- [Task]: Would you return the data below exactly as it stands, with every picture left out?

- [Data provided]:
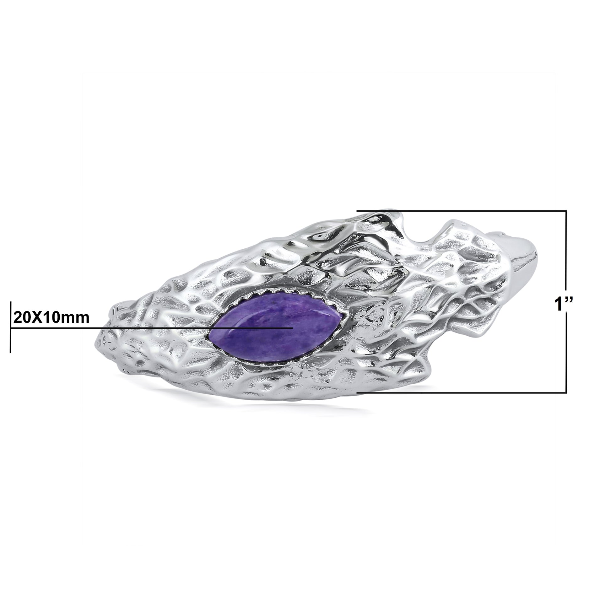 • Fritz Casuse-designed open cuff bracelet with 10x20mm marquise-cut Charoite cabochon; serrated bezel setting on a hammered, textured  Sterling Silver arrowhead
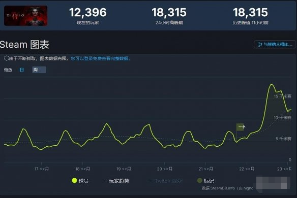 在双重推动力的帮助下,《暗黑破坏神4》的在线人数峰值再创新高。根据SteamDB数据统计,新的在线人数峰值达到了18315人。截至发稿时为止,游戏在线为12396人。
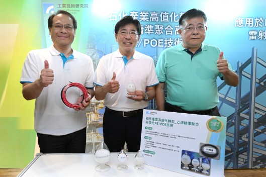 國內乙烯製成塑膠多用於民生用途,關鍵應用如綠電電纜、機器人零件與半導體仍仰賴進口。為提升乙烯衍生材料自主性,工研院開發三組高效聚合觸媒系統:一、高立體障礙鉻觸媒結合無氯助觸媒,提升1-己烯與1-辛烯轉換率並降低腐蝕風險;二、高溶解度茂金屬與錋金屬助觸媒設計,可調控POE密度與彈性,降低金屬殘留;三、單點鈦金屬觸媒可製備低纏繞、高分子量聚乙烯,適合高強度纖維開發。技術已與國內石化企業合作,加速在地化量產,強化乙烯高值材料供應鏈與下游競爭力。
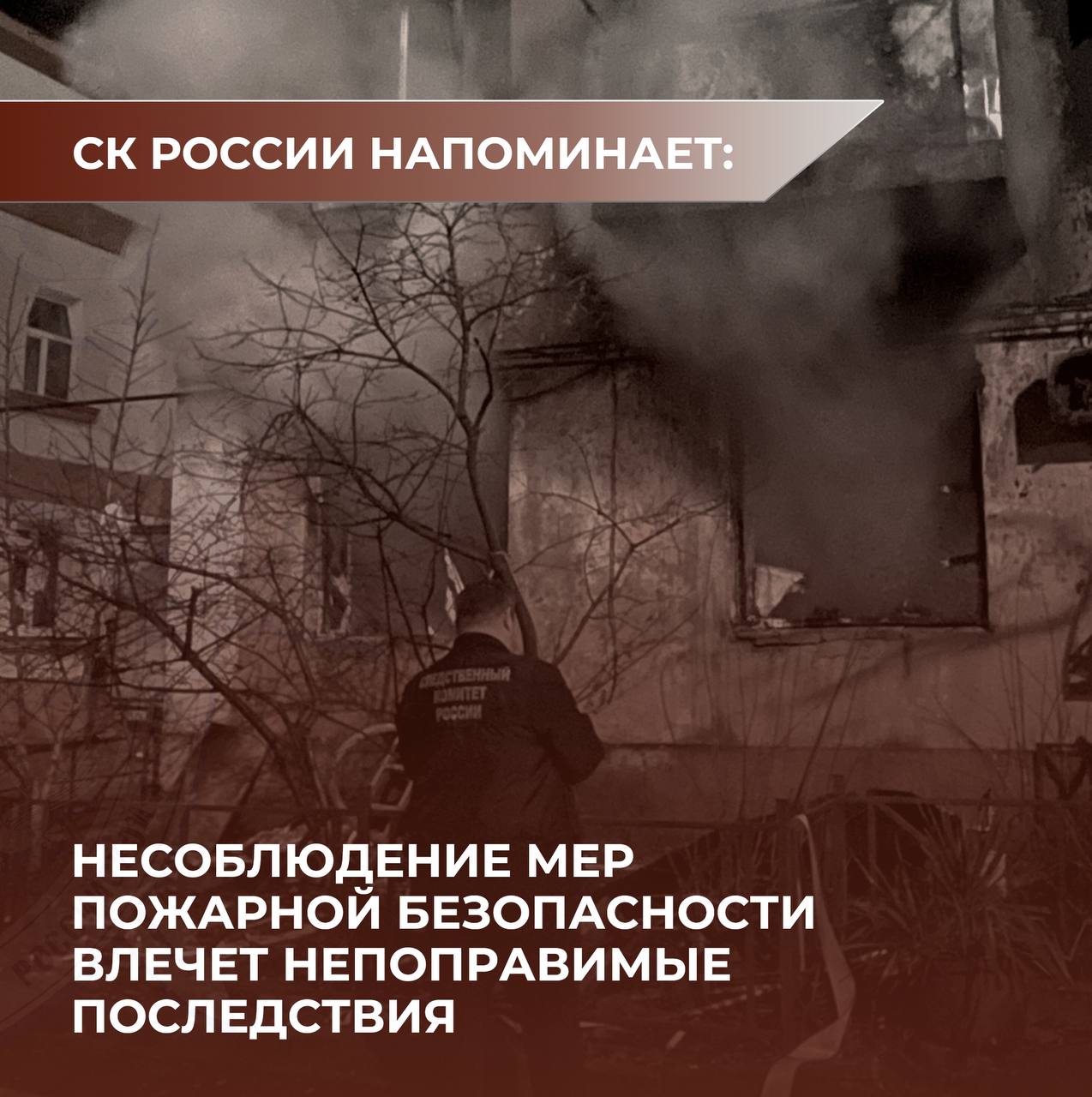 СК России обращает внимание на необходимость соблюдения мер пожарной безопасности
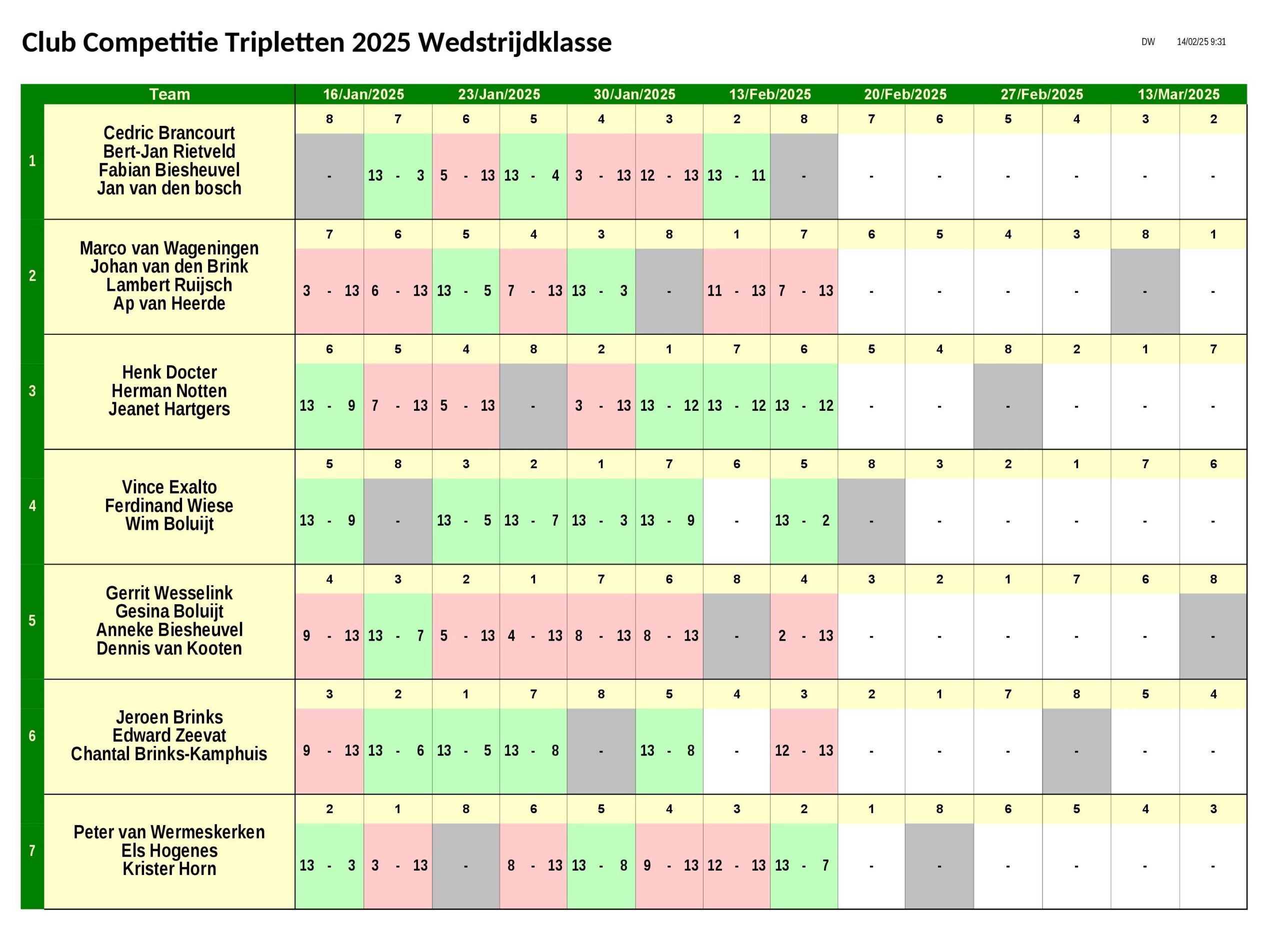 Club Competitie Tripletten 2025 (13-02-2025) February 14, 2025April 15, 2025 Albert Schuller Share this: Click to share on Facebook (Opens in new window) Facebook Click to share on LinkedIn (Opens in new window) LinkedIn Click to share on X (Opens in new window) X
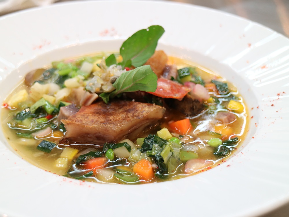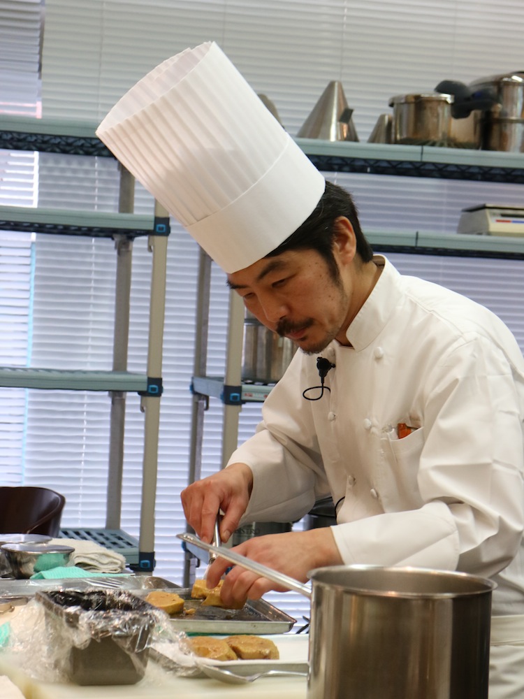 まずは「Le traiteur024 ル・トレトゥール024」のオーナーシェフ・大西孝典氏が、旬のグリーンアスパラガスをフォワグラと合わせ、目にも美しいテリーヌを、「Q.E.D. CLUBフレンチ」シェフの大村龍一郎氏が、17種の野菜を豚頭のコンフィと煮込んだガルビュールをそれぞれ披露してくださいました。
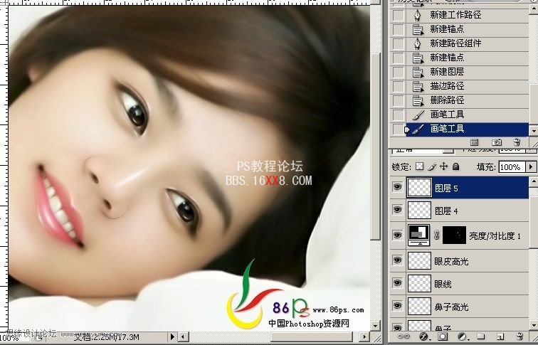 16、再画下嘴唇的高光,这次画笔设为5像素,建图层,点右键—描边。
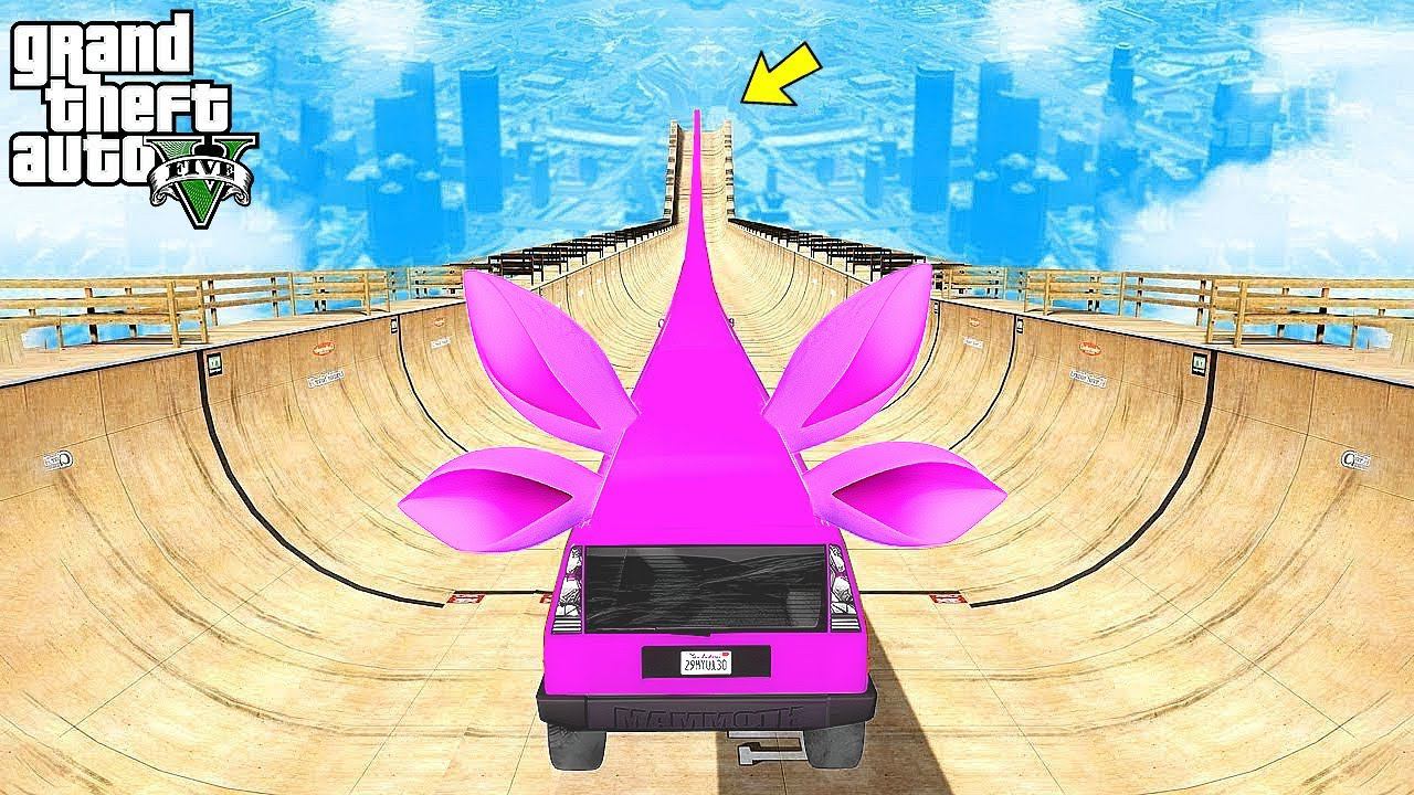 СПУСК БЕЗ ТОРМОЗОВ на ДЛИННОМ ЛИМУЗИНЕ ЛУНТИКА по МЕГА ТРАМПЛИНУ в ГТА 5 МОДЫ - ЭКСПЕРИМЕНТЫ в GTA 5
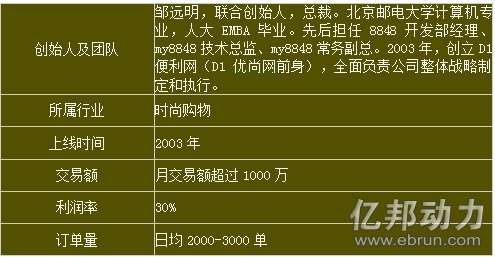D1優(yōu)尚網(wǎng)成立于2003年,是知名時尚B2C網(wǎng)站,主要經(jīng)營服裝、化妝品、飾品、家居等商品。目前,D1優(yōu)尚網(wǎng)的月銷售額超1000萬元。

- [Solution to this problem]:
 • Fritz Casuse-designed open cuff bracelet with 10x20mm marquise-cut Charoite cabochon; serrated bezel setting on a hammered, textured  Sterling Silver arrowhead
 在双重推动力的帮助下,《暗黑破坏神4》的在线人数峰值再创新高。根据SteamDB数据统计,新的在线人数峰值达到了18315人。截至发稿时为止,游戏在线为12396人。
 國內乙烯製成塑膠多用於民生用途,關鍵應用如綠電電纜、機器人零件與半導體仍仰賴進口。為提升乙烯衍生材料自主性,工研院開發三組高效聚合觸媒系統:一、高立體障礙鉻觸媒結合無氯助觸媒,提升1-己烯與1-辛烯轉換率並降低腐蝕風險;二、高溶解度茂金屬與錋金屬助觸媒設計,可調控POE密度與彈性,降低金屬殘留;三、單點鈦金屬觸媒可製備低纏繞、高分子量聚乙烯,適合高強度纖維開發。技術已與國內石化企業合作,加速在地化量產,強化乙烯高值材料供應鏈與下游競爭力。
 СК России обращает внимание на необходимость соблюдения мер пожарной безопасности
 Club Competitie Tripletten 2025 (13-02-2025) February 14, 2025April 15, 2025 Albert Schuller Share this: Click to share on Facebook (Opens in new window) Facebook Click to share on LinkedIn (Opens in new window) LinkedIn Click to share on X (Opens in new window) X
 まずは「Le traiteur024 ル・トレトゥール024」のオーナーシェフ・大西孝典氏が、旬のグリーンアスパラガスをフォワグラと合わせ、目にも美しいテリーヌを、「Q.E.D. CLUBフレンチ」シェフの大村龍一郎氏が、17種の野菜を豚頭のコンフィと煮込んだガルビュールをそれぞれ披露してくださいました。
 16、再画下嘴唇的高光,这次画笔设为5像素,建图层,点右键—描边。
 СПУСК БЕЗ ТОРМОЗОВ на ДЛИННОМ ЛИМУЗИНЕ ЛУНТИКА по МЕГА ТРАМПЛИНУ в ГТА 5 МОДЫ - ЭКСПЕРИМЕНТЫ в GTA 5
D1優(yōu)尚網(wǎng)成立于2003年,是知名時尚B2C網(wǎng)站,主要經(jīng)營服裝、化妝品、飾品、家居等商品。目前,D1優(yōu)尚網(wǎng)的月銷售額超1000萬元。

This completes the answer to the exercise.